If I were to take Devs i'd go for 8 Marines with ML or 8 Marines with HB's. There are better options though. 2 Speeders > Heavy Bolter Devs Predator > ML Devs.

I'm a vehicles whore though...


----------



## Bloodhound (Feb 8, 2007)

I shoot 6 HB shots and 2 Frag missiles. I don't waste much. HBs cost 15 anyway.


----------



## Yarl (Nov 24, 2007)

Its all a matter of function, as several previous posts mentioned (anti-tank/infantry) but I think a great rule of thumb is to match effective ranges of your weapons if you go for a mix.

Personally I run a 2 Lascannon/2 ML (both 48") squad for Armor and a 2HB/2 Plas (both 36") for infantry.

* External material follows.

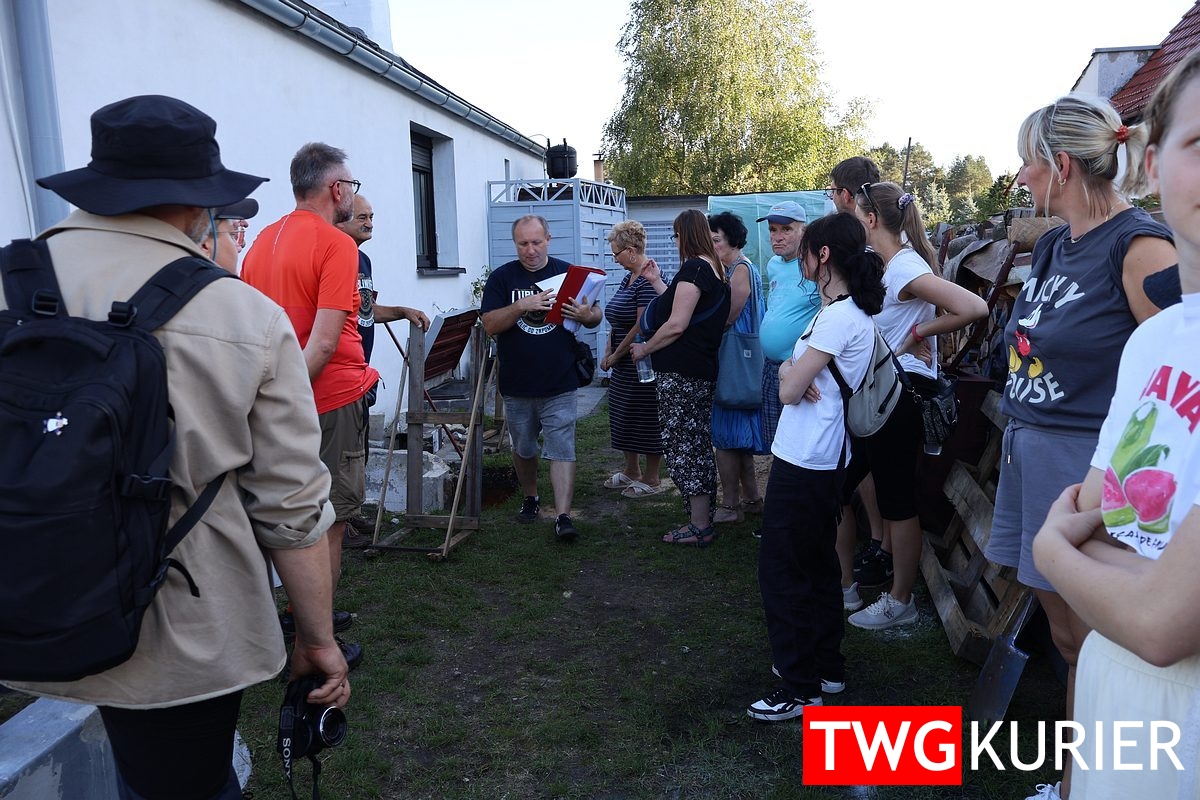 Zebrała się liczna grupa entuzjastów, którzy wsłuchani w opowieść Pana Michała, towarzyszyli mu w niespiesznej wędrówce uliczkami Kotów. Na początek poznaliśmy historię przedszkola przy ul. Szkolnej 3 – dlaczego jest drewniane, a nie murowane? Tło historyczne, nakreślone z rozmachem, ujawniło zaskakujące powiązania, pokazując, jak sknerstwo potrafi wpłynąć na bieg wydarzeń.

True that the HB cant always punch what the Plasma's can, but against horde armies, 6 HB rounds and 2 blast templates are pretty useful.


----------



## ultimatum (Dec 5, 2007)

I would definetly put a couple lascannons in there because just about no matter what your against you just about always need them. Plasma cannons, i think, are very nuts weapons. i wouldn't really care what i'm vs. i just like them so much. I think they're one of the most beautiful weapons in the game!:victory:


----------



## Ordo Xeno Commander (Jan 17, 2007)

im with ultimatum on this one, i love the plasma cannon. i go with two plas and two las and that can deal with pretty much anything that comes into range


----------